Studio album by Big Daddy Weave
- Released: July 30, 2002
- Genre: Contemporary Christian music, Christian rock
- Length: 47:12
- Label: Fervent
- Producer: Jeromy Deibler

Big Daddy Weave chronology
| Neighborhoods (2001) | One and Only (2002) | Fields of Grace (2003) |

= One and Only (Big Daddy Weave album) =

One and Only is the second studio album by Christian rock band Big Daddy Weave. This was their first release with a major label in Fervent Records.

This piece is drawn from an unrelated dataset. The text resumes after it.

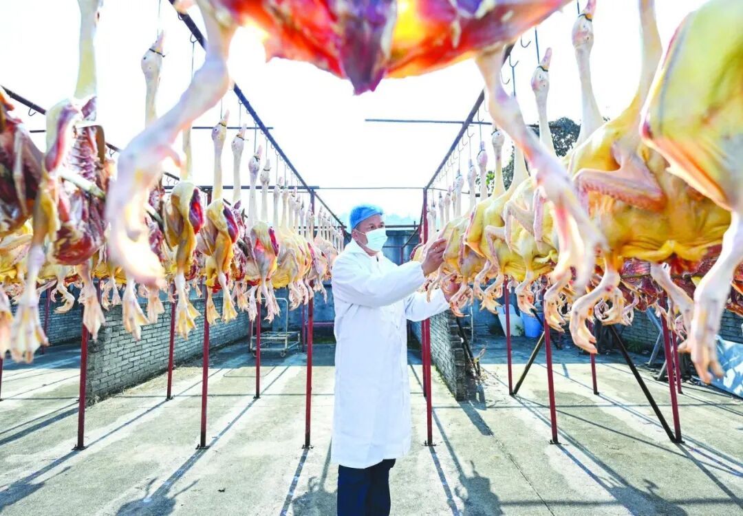这样的场景,在建瓯已经重复了近千年。 从村口晾晒的“土特产”到宫廷贡品、从口耳相传到标准化生产、从地方特产到城市名片……千年时光,浓缩于一只板鸭。它的故事,是建瓯人代代相传的乡愁技艺,是游子行囊里那沉甸甸的念想,更是一方水土在新时代续写的振兴篇章。 从民间至味到“汉席珍品” 如果美食也有履历,建瓯板鸭大概是闽北美食史中无法忽视的存在。 据史料记载,闽王王延政在后晋天福八年(943)称帝于建州(今建瓯),将本地板鸭正式列入御膳菜单,端上了宫廷餐桌。从此,板鸭不再是村口晒腊的“土味”,而是“可上庙堂”的珍馐。 到了南宋,孝宗赵昚(封建王时曾驻建安)对故乡风味念念不忘。登基后,他把建瓯板鸭带进临安皇宫,列为“汉席珍品”,让这道山乡小味成为宫廷宴席的常客。自此,板鸭的“高光时刻”被写进宋廷档案。 翻过古代宫廷御膳食谱,建瓯板鸭的故事也只讲了一半。 “许多人都会好奇,同样的制作手法,用于其他肉类家禽之上是否也能做出如此美味。”穿梭在成批风干的板鸭之中,建瓯板鸭同业公会会长叶国润讲起了一段口口相传的故事。 相传,建州曾有一位生活拮据的平民,他在寒冬时节饲养了十几只鹅。由于经济拮据,无法购买饲料继续喂养这些鹅,他只能逐只卖掉来筹集资金。 当卖到最后一只鹅的时候,他发现这样的做法杯水车薪。恰逢春节将至,家中无肉菜过年,又没有更多饲料喂养。他便决定杀掉最后的那只鹅,彼时条件匮乏,没有很好的保鲜措施。他的妻子便将鹅用盐腌制并晾晒,让它在寒冬腊月得以保存到除夕。 除夕夜,这道特别的菜肴被端上了餐桌,大家惊讶地发现,这只经过腌制的鹅干味道竟格外美味。“这板块鹅真好吃,我还要吃。”孩子们的称赞声让“板鹅”这个名字逐渐流传开来。自此以后,每到冬季准备年货时,当地人都会尝试制作“板鹅”。同样的方法也用在了鸡、鸭、肉鸽等禽类之上。 经过时间的检验,鸭子凭借其大小合适、肉质肥厚、咸香浓郁、肥而不腻的独特优势脱颖而出。“板鸭”的味道最受欢迎,逐渐发展成一种商品,并最终演变为如今的“建瓯板鸭”,在市场上占据一席之地,延续至今。 20世纪70年代,建瓯板鸭被中国食品总公司收入《家禽与传统禽制品》一书,与江苏南京板鸭、四川建昌板鸭、江西南安板鸭并称为“中国四大板鸭”。2018年,“建瓯板鸭”成功注册国家地理标志证明商标。 如今,为发展板鸭产业,建瓯市成立了板鸭同业公会,制定行业标准,将板鸭加工经营业主组成“联合舰队”闯市场。 近年,建瓯板鸭系列产品被授权使用“建字号”公用品牌,产品出口至俄罗斯、新加坡等国家和地区。 从掌心技艺到风土传承 清晨,来到建瓯市小松镇穆墩村的建瓯市润芝食品有限公司的板鸭生产车间,工人们将屠宰好的鸭子清洗干净,开始腌制上盐。 公司的板鸭晾晒场上,一排排晾晒架上,一只只板鸭排列得整整齐齐,像是走进一片板鸭“森林”。 “建瓯板鸭真正宗,土鸭吃粟一百工;剃前饿得腹里空,剃倒拔毛使滚汤;抹盐叠住腌一工,竹片撑开吹霜风;蒸得切片淋红酒,未曾开桌想动手;淋上麻油更有味,味道超过十香豉。”叶国润用建瓯话念了这首《板鸭谣》,短短几十个字把板鸭的传统技艺和食用方法说得一清二楚。 “这打油诗听着简单,内里可有大乾坤。”上手腌制的老师傅翁丁辉说。 原料要悉心挑选养殖期100—120天,不能下过蛋的番鸭。宰鸭的水温不能太高也不能太低,既要保证鸭皮不被烫伤,还要便于脱毛。叶国润补充说:“手法一定要快,鸭子浸在水里太久会变味。开膛破肚,去除内脏一定要去干净,否则不仅会影响风味,甚至可能会变质。”“别看我们这样随手一涂,这里头可大有讲究。”翁丁辉娓娓道来这里头的诀窍,“腌制鸭子,要上多少盐,与鸭子的大小、肉质厚薄,甚至气温、天气的阴晴都有关系。” 正因为这份需要感知的技艺,师傅在腌制时不能戴手套,需要用手感受鸭的情况。 腌制一天后,晾晒前还要用半干的布将腌制的鸭擦去水分,用小绳子穿过鸭的鼻子,再用竹片把鸭左右撑开呈板状,挂在透风处晾晒。通常,有霜的天气可以在太阳下稍微晾晒,一般三天就可以,再在无阳光直射且风大的地方晾干。 订单饱和的情况下,建瓯市润芝食品有限公司一天可以制作三四千只板鸭。即便面对如此大量的客户需求,润芝食品以及其他板鸭制作企业、家庭作坊,依旧坚持手工风干与自然晾晒,让“不油不腻”的核心风味得以保存,这也是建瓯板鸭广受青睐的重要原因。 “建瓯家家户户都会做板鸭。”翁丁辉说。正是因为建瓯这些板鸭制作企业、家庭作坊的存在,许多老手艺人通过制作板鸭,既能赚工钱,又可以将手艺传承下去。 经过多年的产业发展,板鸭在闽北其他县(市、区)也颇受欢迎,并发明了多种不同的新吃法,建瓯本土的蒸制、建阳的板鸭芥菜汤、浦城的板鸭火锅……建瓯板鸭在各地的“变形记”反过来丰富了板鸭的内涵,让它从一个地方特产,逐渐长成闽北共享的风味符号。 从一只板鸭到一条产业链 20世纪90年代,叶国润还在做肉兔养殖生意。一次偶然的机会,他接手了一批鸭子——卖不掉,也没处养。 他想起了母亲。老人家是做板鸭的一把好手,在建瓯,家家户户都会这门手艺。叶国润把鸭子交给母亲,请她全部制成板鸭,制成后由他带着成品去市场上试试水。 这

It was released on July 30, 2002. This album charted at No. 22 on the Billboard's Independent Albums chart on August 17, 2002.

Professional ratings
Review scores
| Source | Rating |
| AllMusic | Star |
| Cross Rhythms | Star |

==Track listing==

| # | Title | Length | Composer |
|---|---|---|---|
| 1 | "In Christ" | 3:52 | Mike Weaver |
| 2 | "Friend Like You" | 3:36 | Weaver |
| 3 | "One and Only" | 4:19 | Weaver |
| 4 | "Neighborhoods" | 4:32 | Weaver |
| 5 | "Being in Love With You" | 3:29 | Weaver |
| 6 | "Audience Of One" | 5:26 | Weaver |
| 7 | "Never Goin' Back" | 3:36 | Jeromy Redmon, Weaver |
| 8 | "Sacrifice" | 5:39 | Weaver |
| 9 | "Exalted Forever" (featuring Jennifer Deibler, and Brian Smith of FFH) | 3:22 | Weaver |
| 10 | "Rest" | 9:18 | Weaver |

== Personnel ==

Big Daddy Weave
- Mike Weaver – lead vocals, acoustic guitars, background vocals
- Jeremy Redmon – electric guitars, background vocals
- Jay Weaver – bass, background vocals (7)
- Jeff Jones – drums
- Joe Shirk – saxophones

Additional Musicians
- Byron Hagen – acoustic piano, keyboards, Hammond B3 organ
- Ken Lewis – percussion
- Jason Trimble – live loops (3, 8, 9)
- Shelley Nirider – guest vocals (8)
- Jennifer Deibler – background vocals (9)
- Brian Smith – background vocals (9)

Choir (Track 2) and Handclaps (Track 5)
- Michael Boggs
- Jennifer Deibler
- Jannell Els
- Kandice Kirkham
- Christy Kroeker
- Matt Kroeker
- Carly O'Quinn
- Alyson Smith
- Brian Smith
- Betsy Trimble
- Jason Trimble

Party Vocals (Track 4)
- Anna Redmon
- Jeremy Redmon
- Jay Weaver
- Mike Weaver

=== Production ===
- Jeromy Deibler – producer, A&R direction, vocal recording
- Susan Riley – executive producer, A&R direction
- Julian Kindred – band track recording, mixing (4, 5, 7, 9, 10)
- Joey Turner – additional band track recording, band track recording assistant, digital editing, transfers
- James Felver – percussion recording, vocal recording
- Tom Laune – mixing (1–3, 6, 8)
- Tony High – mix assistant (4, 5, 7, 9, 10)
- J.C. Monterrosa – mix assistant (4, 5, 7, 9, 10)
- Hank Williams – mastering
- Carly O'Quinn – production coordinator
- Tim Parker – art direction, design
- Russ Harrington – photography
- Stephanie McBrayer – stylist
- Melissa Schleicher – hair, make-up

Studios
- Recorded at OmniSound Studios (Nashville, Tennessee) and Dark Horse Recording Studio (Franklin, Tennessee).
- Tracks 1–3, 6 & 8 mixed at Bridgeway Studios (Nashville, Tennessee).
- Tracks 4, 5, 7, 9 & 10 mixed at Sound Kitchen (Franklin, Tennessee).
- Mastered at MasterMix (Nashville, Tennessee).